У русского народа есть важные добродетели преимущественно перед народами Запада, — это именно те, которые общи нам с близким нам Востоком: созерцательность, покорность, терпение. Этими добродетелями долго держалась наша духовная метрополия — Византия, однако они не могли спасти ее. Значит, одних этих восточных свойств и преимуществ самих по себе — мало. Они не могут уберечь великую нацию, если к ним не присоединится тот другой элемент, который, конечно, не чужд России, как стране европейской и христианской, но по историческим условиям имел доселе у нас (как и в Византии) лишь слабое развитие, — я разумею сознание безусловного человеческого достоинства, принцип самостоятельной и самодеятельной личности.
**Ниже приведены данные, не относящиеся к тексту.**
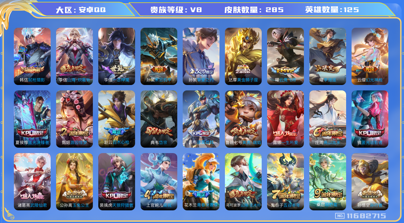 [11682715]V8 1典藏 14传说 125英雄 285皮肤 可修改实名 荣耀水晶:弑枪猎影(韩信典藏) 传说皮:幻光神枪,李逍遥,山海·炽霜斩(李信年限),黄金狮子座,一念神魔,云鹰飞将(小将军),末日机甲-孙策,挚爱之约 珍宝阁皮:妄想食味,玩趣恶龙 限定皮:愿照·九州拓(澜年限),逐霄战戟,鸣野蒿,武陵仙君(小桃花),傲雪梅枪,飞衡(韩信年限),高山流水,匿光决锋者,五谷丰年,游园惊梦,梁祝,天狼狩猎者,岱宗(典韦年限),逐梦之影,朱雀志(守约年限),孙行者,一生所爱,青春决赛季,美猴王,匿光追影者,寅虎·瑞焰(虎皮蛋子),时之祈愿-云中君,百木心枪,玉兔公主,枫霜尽,山海·玄木吟(马可年限) 史诗皮:星界战将,器灵·浮梦炉,龙之律动,化蝶舞,紫霞仙子,苍穹之光,白龙吟,黄金分割率,特工魅影,千年之狐,永昼,江河有灵,高渐离燃音魔法,百解令(蒙犽),蒙恬荣光圣徽,冰冠公主,偶像歌手,晚萤,魅语,电玩·爆裂旋风,暗夜猫娘,龙骑士(小龙虾),末日机甲-吕布,猫狗日记-孙策,猫狗日记-大乔,乱世虎臣,节奏热浪,修罗,女仆咖啡,摇滚巨星,水果甜心,星夜王子,心灵骇客,功夫厨神,德古拉伯爵,暗隐猎兽者,幽灵船长,鬼剑武藏,心灵战警,舞动绿茵,地狱岩魂,纤云弄巧,拒霜思,乘风破浪,逐浪之夏,水晶猎龙者,曙光守护者,金属风暴,原初追逐者,圣诞狂欢,圣诞恋歌,鹰眼统帅,暗夜贵公子,魅力维加斯,黎明之约,天秀·音浪,无心,未来纪元-赵云

Поэт, которого мы теперь помянули, был одним из очень редких у нас носителей этого истинно человеческого жизненного начала, в развитии которого главное условие будущности каждого народа. И с этой стороны его произведения привлекательны и значительны своею искренностью: он стоял в них за то, что было глубоко заложено в нем самом, — так как он сам был сильною и свободною индивидуальностью, человеком внутреннего достоинства, чести и правды прежде всего. Эти качества не суть единственные добродетели, но без них все прочие стоят немного; без них отдельный человек есть только произведение одной внешней среды, а сама такая среда является стадом.